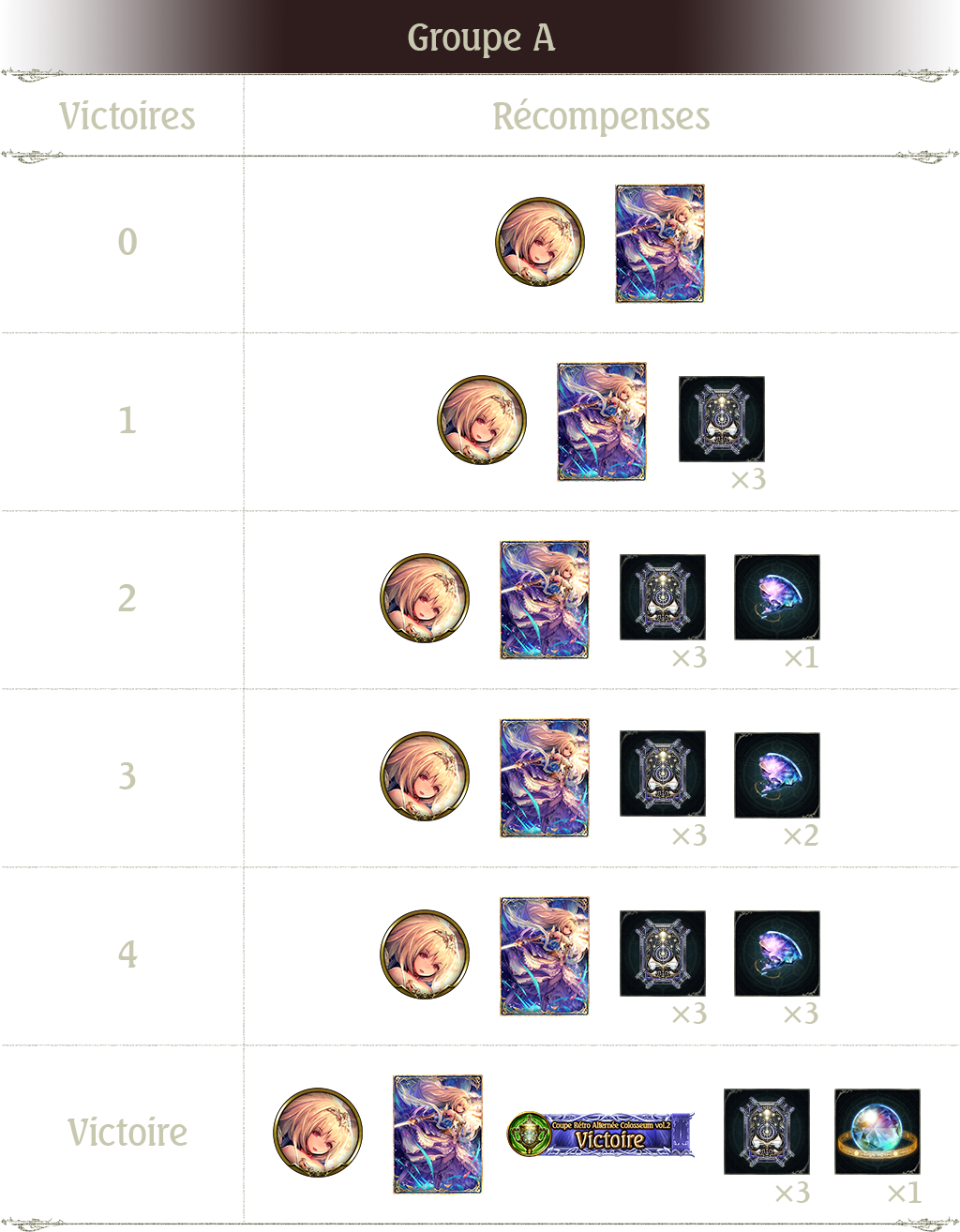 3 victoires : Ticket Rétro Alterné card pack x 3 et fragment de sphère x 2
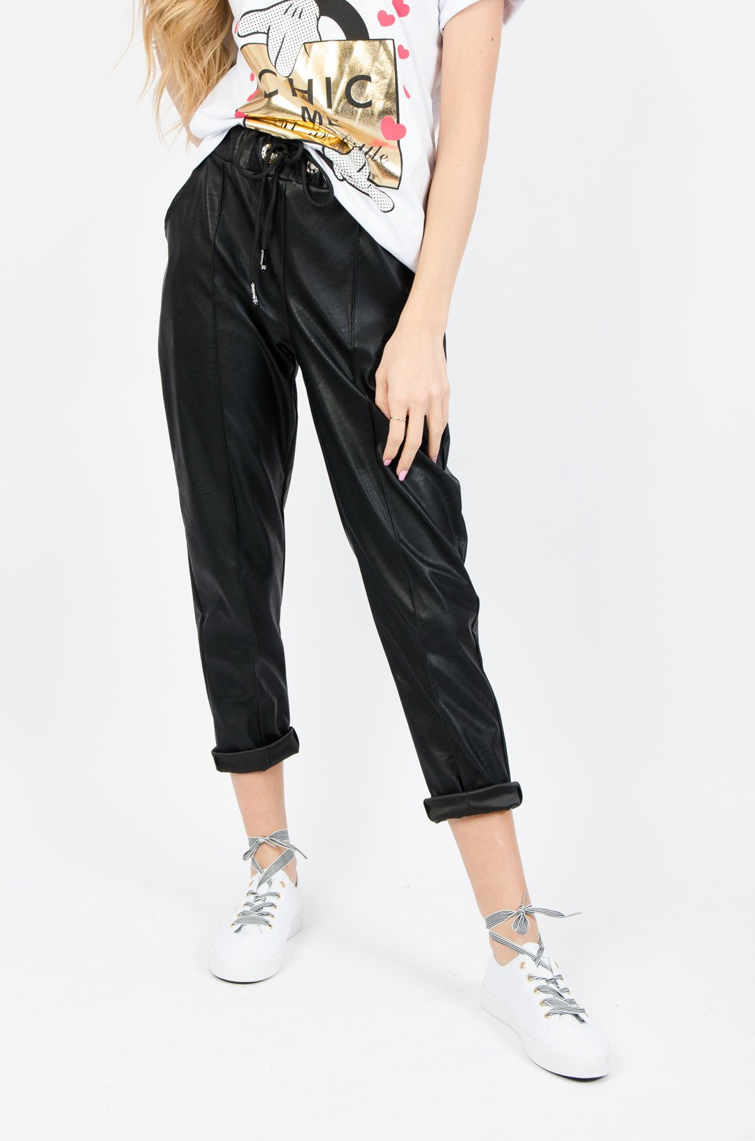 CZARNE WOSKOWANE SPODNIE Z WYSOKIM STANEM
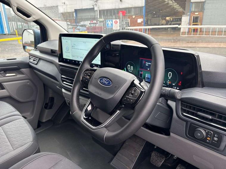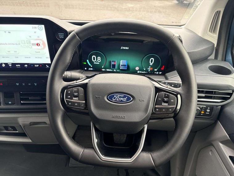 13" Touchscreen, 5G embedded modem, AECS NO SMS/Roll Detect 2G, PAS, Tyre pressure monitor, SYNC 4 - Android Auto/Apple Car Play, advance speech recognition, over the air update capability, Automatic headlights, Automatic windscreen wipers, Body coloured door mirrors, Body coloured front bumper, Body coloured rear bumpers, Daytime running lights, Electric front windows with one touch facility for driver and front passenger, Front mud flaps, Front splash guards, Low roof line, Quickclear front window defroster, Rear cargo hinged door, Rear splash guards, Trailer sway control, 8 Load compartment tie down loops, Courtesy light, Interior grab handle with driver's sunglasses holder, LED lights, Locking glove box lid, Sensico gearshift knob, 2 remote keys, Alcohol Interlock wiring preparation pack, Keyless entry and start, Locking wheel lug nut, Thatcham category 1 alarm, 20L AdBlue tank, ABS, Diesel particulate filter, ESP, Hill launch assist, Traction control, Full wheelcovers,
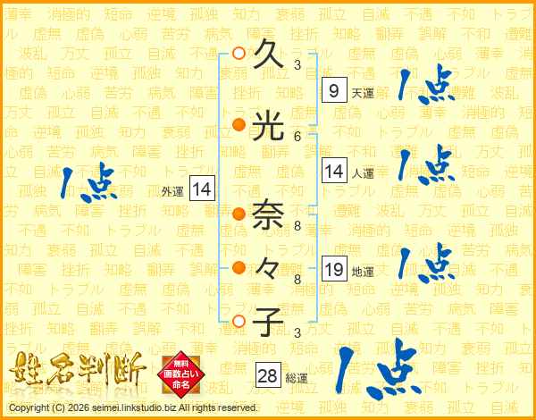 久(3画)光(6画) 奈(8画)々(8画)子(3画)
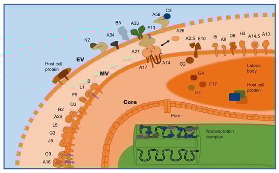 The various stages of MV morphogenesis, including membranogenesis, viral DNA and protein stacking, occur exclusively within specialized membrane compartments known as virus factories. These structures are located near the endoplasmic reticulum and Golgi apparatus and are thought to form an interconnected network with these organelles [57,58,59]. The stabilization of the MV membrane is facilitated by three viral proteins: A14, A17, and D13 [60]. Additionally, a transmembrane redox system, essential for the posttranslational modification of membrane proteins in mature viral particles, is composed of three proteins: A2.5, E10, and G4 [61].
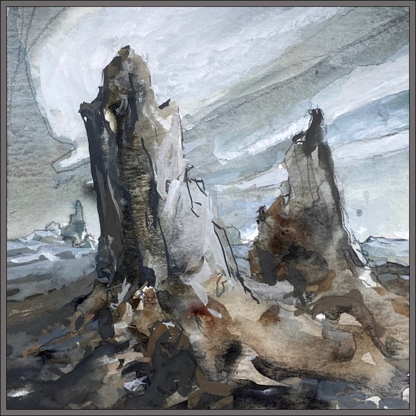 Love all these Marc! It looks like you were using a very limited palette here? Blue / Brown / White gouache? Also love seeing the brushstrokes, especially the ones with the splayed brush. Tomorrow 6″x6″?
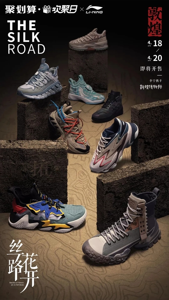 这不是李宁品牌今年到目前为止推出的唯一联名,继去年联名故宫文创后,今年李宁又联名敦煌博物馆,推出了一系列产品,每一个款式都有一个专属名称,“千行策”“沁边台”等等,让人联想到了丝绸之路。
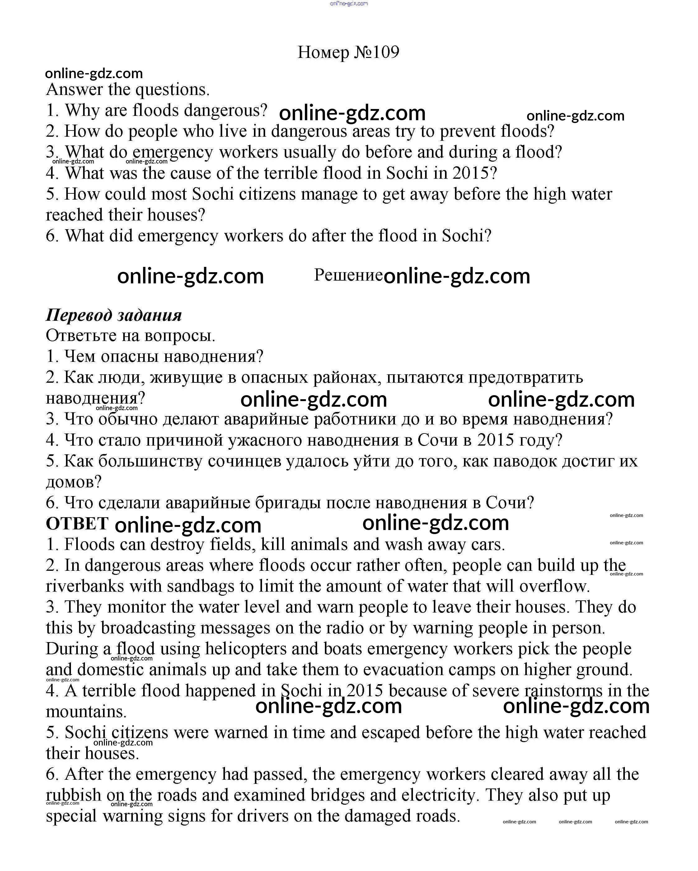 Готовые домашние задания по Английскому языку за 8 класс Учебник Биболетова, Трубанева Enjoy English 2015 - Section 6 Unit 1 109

* * *

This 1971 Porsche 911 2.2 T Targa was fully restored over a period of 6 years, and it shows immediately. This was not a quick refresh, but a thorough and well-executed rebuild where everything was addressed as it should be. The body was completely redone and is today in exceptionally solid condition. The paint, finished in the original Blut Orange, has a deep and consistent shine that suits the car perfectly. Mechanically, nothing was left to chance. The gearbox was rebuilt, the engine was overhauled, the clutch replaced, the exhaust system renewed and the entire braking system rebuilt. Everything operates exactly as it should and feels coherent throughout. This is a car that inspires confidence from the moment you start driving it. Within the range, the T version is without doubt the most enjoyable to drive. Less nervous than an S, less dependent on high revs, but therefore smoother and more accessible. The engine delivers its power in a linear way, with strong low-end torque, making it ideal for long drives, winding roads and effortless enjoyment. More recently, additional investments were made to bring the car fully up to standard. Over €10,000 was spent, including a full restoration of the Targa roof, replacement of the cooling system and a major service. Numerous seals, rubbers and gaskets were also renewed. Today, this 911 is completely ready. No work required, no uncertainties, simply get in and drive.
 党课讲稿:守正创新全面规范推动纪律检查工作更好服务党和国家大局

## Exercise requirements
From the records above, copy only the lines running from the line containing "3 victoires : Ticket" to the line containing "久(3画)光(6画) 奈(8画)々(8画)子(3画)", both ends included. Leave the pictures out.

## Solution for this problem
 3 victoires : Ticket Rétro Alterné card pack x 3 et fragment de sphère x 2
 CZARNE WOSKOWANE SPODNIE Z WYSOKIM STANEM
 13" Touchscreen, 5G embedded modem, AECS NO SMS/Roll Detect 2G, PAS, Tyre pressure monitor, SYNC 4 - Android Auto/Apple Car Play, advance speech recognition, over the air update capability, Automatic headlights, Automatic windscreen wipers, Body coloured door mirrors, Body coloured front bumper, Body coloured rear bumpers, Daytime running lights, Electric front windows with one touch facility for driver and front passenger, Front mud flaps, Front splash guards, Low roof line, Quickclear front window defroster, Rear cargo hinged door, Rear splash guards, Trailer sway control, 8 Load compartment tie down loops, Courtesy light, Interior grab handle with driver's sunglasses holder, LED lights, Locking glove box lid, Sensico gearshift knob, 2 remote keys, Alcohol Interlock wiring preparation pack, Keyless entry and start, Locking wheel lug nut, Thatcham category 1 alarm, 20L AdBlue tank, ABS, Diesel particulate filter, ESP, Hill launch assist, Traction control, Full wheelcovers,
 久(3画)光(6画) 奈(8画)々(8画)子(3画)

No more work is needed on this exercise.